Does lean rather than fat mass provide the link between birth weight, BMI, and metabolic risk? EarlyBird 23.Pediatr Diabetes. 2006 Aug; 7(4):211-4.PD
High birth weight predicts subsequent obesity, but paradoxically, a reduced risk of subsequent cardiovascular disease compared with low birth weight. This apparent paradox might be explained if high birth weight programmed a greater proportion of subsequent lean mass, which carries less cardiovascular risk than fat tissue.
The aim of this study was to test the hypothesis that the direct correlation between birth weight and subsequent body mass index (BMI) represents an association between birth weight and lean tissue, and to assess the metabolic impact of this relationship.
A total of 234 healthy prepubertal children (133 boys, 101 girls, mean age 5.9 yr +/- 0.3 standard deviation) were studied. Birth weights were obtained from maternity records. Lean mass was measured by bioelectrical impedance. Anthropometric measures included height, weight (BMI), waist circumference, and subcutaneous fat mass (FM). Insulin resistance was assessed by the homeostasis model method. Metabolic correlates of insulin resistance included total and high-density lipoprotein cholesterol, triglycerides, and sex-hormone-binding globulin.

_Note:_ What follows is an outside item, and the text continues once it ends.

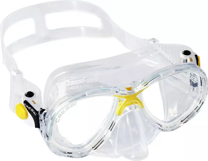 Stylische Kindertaucherbrille mit auffälligem farbigen Silikon. Speziell für die kleinen Gesichter der Kinder haben wir die Kindertaucherbrille Cressi Marea Junior im Sortiment. Geeignet für Kinder von 7-13 Jahren zum Schutz der Augen im Pool oder für die Unterwasserwelt.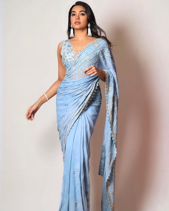 తాజాగా యాంగ్రీ స్టార్ రాజశేఖర్ కూతురు శివాత్మిక రాజశేఖర్ నుండి బ్లూ కలర్ చీర మరియు స్లీవ్ లెస్ బ్లౌజ్ ధరించి పోజులిచ్చింది.ఈ ఫోటోలు నిజానికి ప్రజల మరియు చిత్ర నిర్మాతల దృష్టిని ఆకర్షిస్తున్నాయి.కానీ సమయం మాత్రమే ఆమెకు అవకాశాలను తెస్తుంది.సినిమాల్లో అవకాశాలను వెతుక్కోవడానికి వృత్తిపరమైన ప్రతి ప్రయత్నాలను చేస్తున్న ఆమె తన తొలి చిత్రం దొరసానితో ఇప్పటివరకు గుర్తింపు తెచ్చుకుంది.

Birth weight correlated significantly with lean mass in boys (r = 0.41, p < 0.001) and girls (r = 0.27, p < 0.01). Adjusting for BMI did not improve the correlation further. After adjustment for FM, lean mass correlated inversely with triglycerides in boys only (r = -0.41, p < 0.01). Birth weight correlated inversely with triglycerides in boys (r = -0.18, p < 0.05); after adjustment for lean mass, this correlation was not significant.
In boys, the relationships between birth weight, triglycerides, and lean mass are consistent with the hypothesis. Overall, our findings provide limited evidence in support of the argument that higher birth weight predicts lower metabolic risk because it marks programming of more lean mass.